Despite these good intentions, this year's RAE called on academics to reveal the work of their departments in eight forms, while the TQA required essays of up to 10,000 words and a three-and-a-half hour visit to the department.
The quality audit, which started in 1991, is more concerned with quality assurance arrangements within entire institutions than individual departments and usually calls on the registrar to answer questions.
But if the HEQC decides it wants to check how courses are monitored it targets a department. "If we are looking at how courses are reviewed and a particular university has just reviewed its mechanical engineering course then we will talk to the staff involved in the review and ask to see the minutes of their meetings," says the HEQC.
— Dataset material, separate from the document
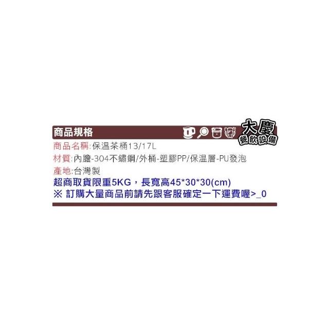 台灣製 保溫茶桶 (13 17L) 紅茶桶 咖啡桶 飲料桶 早餐店 保溫 保冷 大慶㍿

Universities have been steadily adapting to the new procedures. Filling in forms and making returns detailing the work of their departments have become an essential part of the job in a bid to win funding and recognition.
"Ten years ago my predecessor wouldn't have had to do either the TQA or the RAE," says Mike Kelly, professor of social sciences at Greenwich University. "This year I had to do both."
This year's RAE, the results of which are expected to be published before the end of the year, involved more than 200 pages of guidance notes, which arrived in academics' in-trays last November.
It demanded information on research-active staff, publications, research students, external research income, research environment and plans and general observations.
Departments were asked to give details of up to four publications produced by their active research staff, two more than in 1992, and were allowed five extra pages per 40 staff for statements of research environment and plans.
"There is such a lot of bureaucracy," says Professor Gull. "It is an enormous logistical task to put statistics together for science schools and one which is very burdensome."
Many academics had only just digested the RAE notes when instructions arrived from the HEFCE about what must be included in seven essays for the total quality assessment.
This required information ranging from curriculum design and organisation to where students end up after university.
The audit, compiled by the 中国A片 Quality Council, asks for yet more information, but limits its calls for an institution's quality assurance arrangements to "two substantial ringbinders and a box of selected material".
Academics are hoping that the assessments will get easier to complete as their universities implement systems to deal with the necessary data.
But they live in fear that the system may be changed and they will be forced to adapt to a new model once the Training Quality Agency and audit are dealt with by a single agency from next April.
"The future is up for grabs as far as the TQA and the audit are concerned," a HEFCE spokesman says .
Some academics are now calling on HEFCE to produce computer software in a bid to help universities compile statistical information.
"There is now a widespread perception among academics that we are spending more time on administration than anything else," says John Macklin, head of the research school in the humanities at Leeds University.